The reply should hold only the lines below beginning at the one with "Αλεξανδρούπολης Κωνσταντίνος Χατζημιχαήλ." and ending at the one with "El Anillo Diseño", copied exactly, with every picture left out.

*** Opening of Input data ***

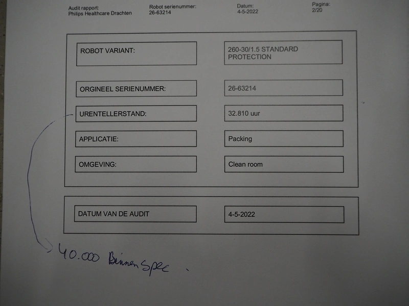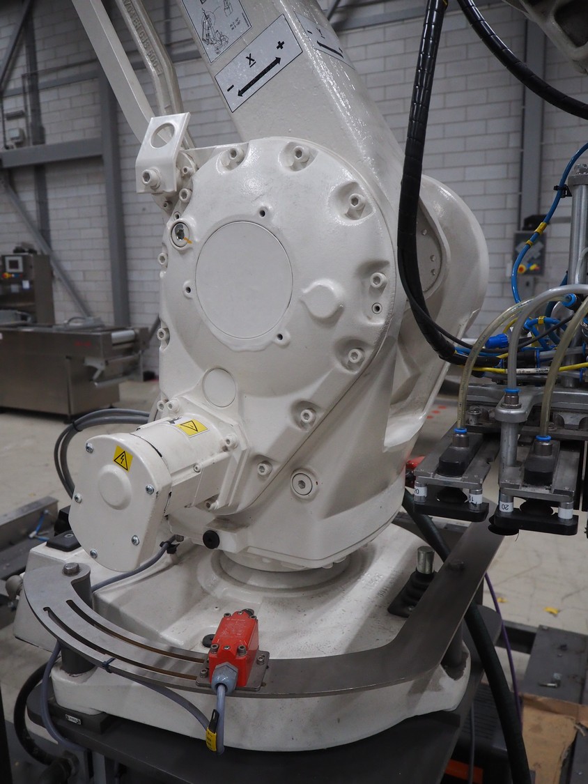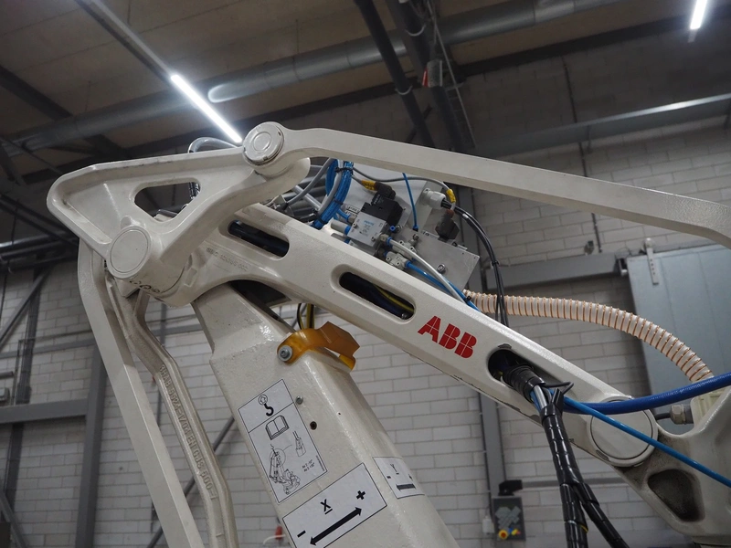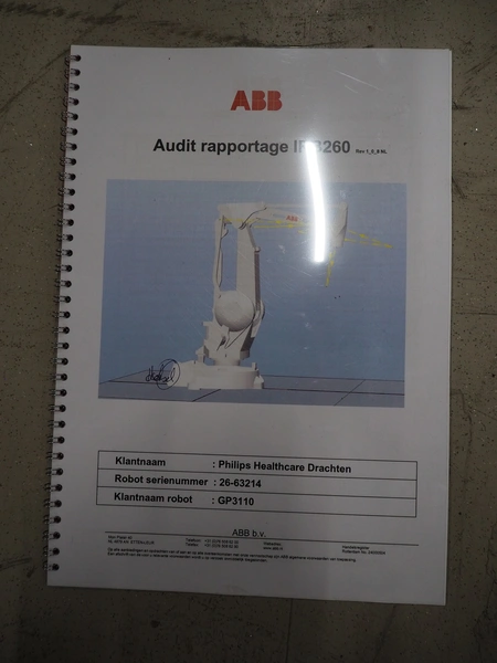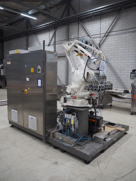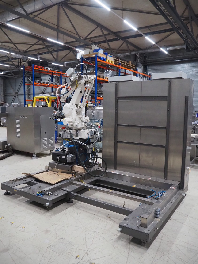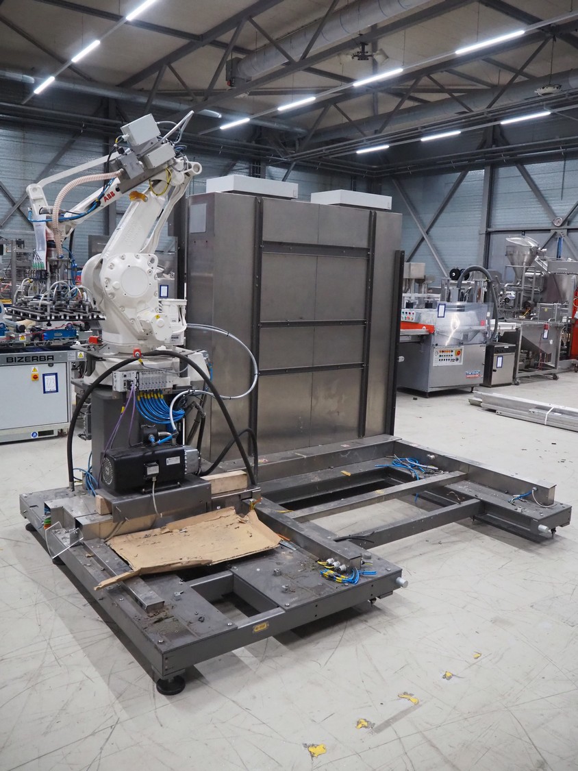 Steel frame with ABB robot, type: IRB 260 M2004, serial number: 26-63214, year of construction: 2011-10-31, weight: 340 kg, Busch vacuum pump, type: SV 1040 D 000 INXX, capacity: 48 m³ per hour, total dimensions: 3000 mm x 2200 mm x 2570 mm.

*** Close of Input data ***
*** Opening of Input data ***

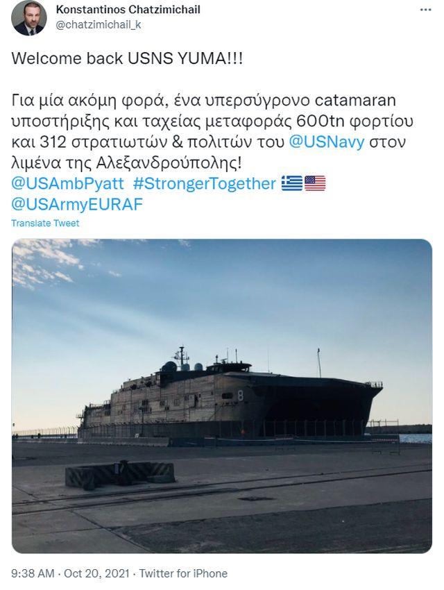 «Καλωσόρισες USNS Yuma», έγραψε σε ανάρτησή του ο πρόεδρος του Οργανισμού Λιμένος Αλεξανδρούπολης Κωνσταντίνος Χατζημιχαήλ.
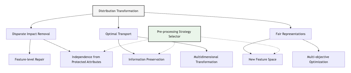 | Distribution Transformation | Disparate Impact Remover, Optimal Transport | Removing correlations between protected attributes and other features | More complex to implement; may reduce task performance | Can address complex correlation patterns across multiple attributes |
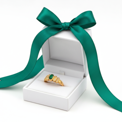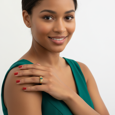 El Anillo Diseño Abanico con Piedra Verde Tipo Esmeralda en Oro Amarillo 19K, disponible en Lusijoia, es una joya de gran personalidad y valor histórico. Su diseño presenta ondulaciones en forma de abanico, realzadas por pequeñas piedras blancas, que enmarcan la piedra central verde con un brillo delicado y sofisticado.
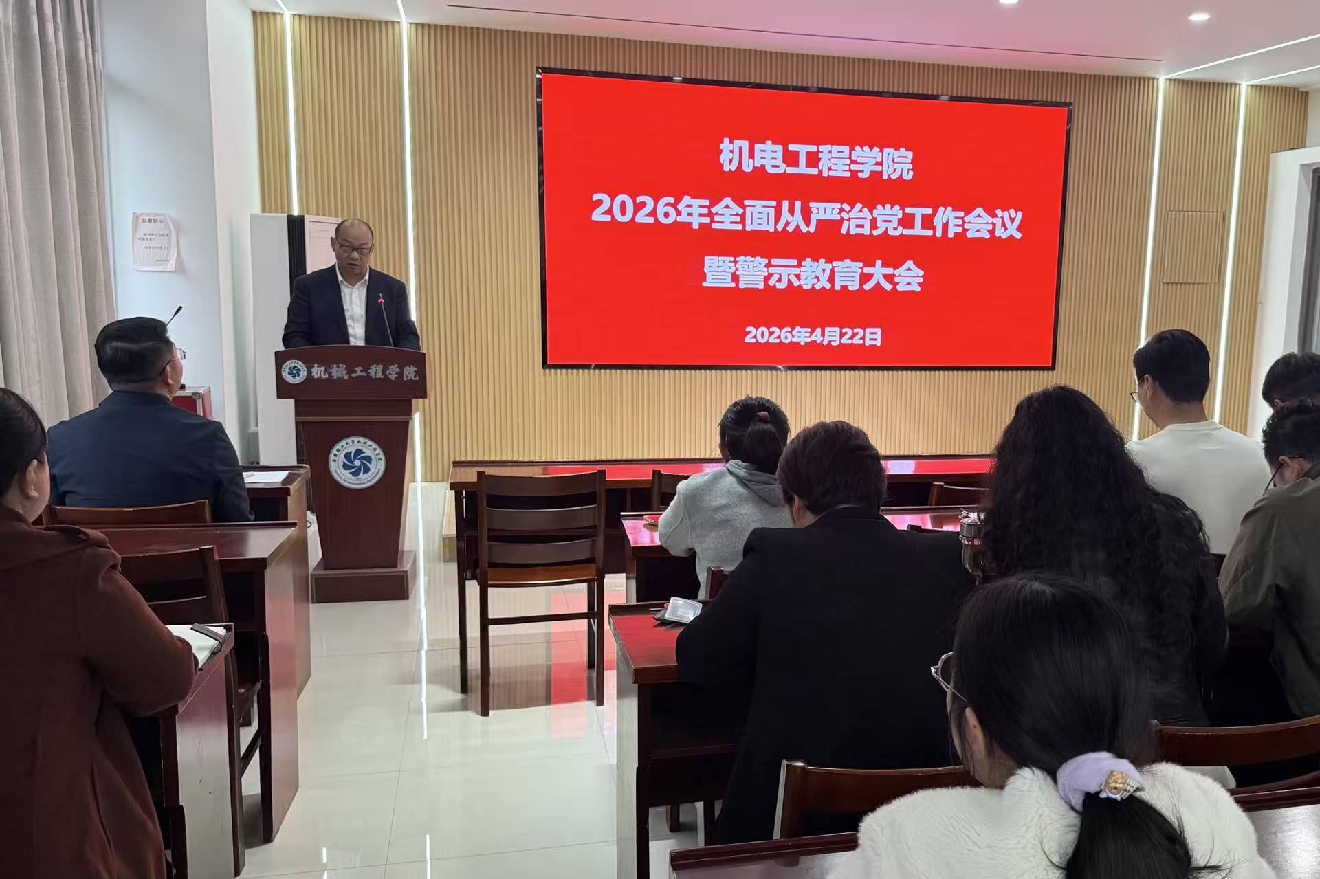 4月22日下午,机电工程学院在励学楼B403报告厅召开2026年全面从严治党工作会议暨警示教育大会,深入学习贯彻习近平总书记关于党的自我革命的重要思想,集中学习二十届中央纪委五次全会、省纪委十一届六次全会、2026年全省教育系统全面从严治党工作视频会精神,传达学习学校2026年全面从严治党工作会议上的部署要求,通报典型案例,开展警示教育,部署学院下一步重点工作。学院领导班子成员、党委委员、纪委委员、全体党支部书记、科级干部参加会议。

*** Close of Input data ***

Final answer:
 «Καλωσόρισες USNS Yuma», έγραψε σε ανάρτησή του ο πρόεδρος του Οργανισμού Λιμένος Αλεξανδρούπολης Κωνσταντίνος Χατζημιχαήλ.
 | Distribution Transformation | Disparate Impact Remover, Optimal Transport | Removing correlations between protected attributes and other features | More complex to implement; may reduce task performance | Can address complex correlation patterns across multiple attributes |
 El Anillo Diseño Abanico con Piedra Verde Tipo Esmeralda en Oro Amarillo 19K, disponible en Lusijoia, es una joya de gran personalidad y valor histórico. Su diseño presenta ondulaciones en forma de abanico, realzadas por pequeñas piedras blancas, que enmarcan la piedra central verde con un brillo delicado y sofisticado.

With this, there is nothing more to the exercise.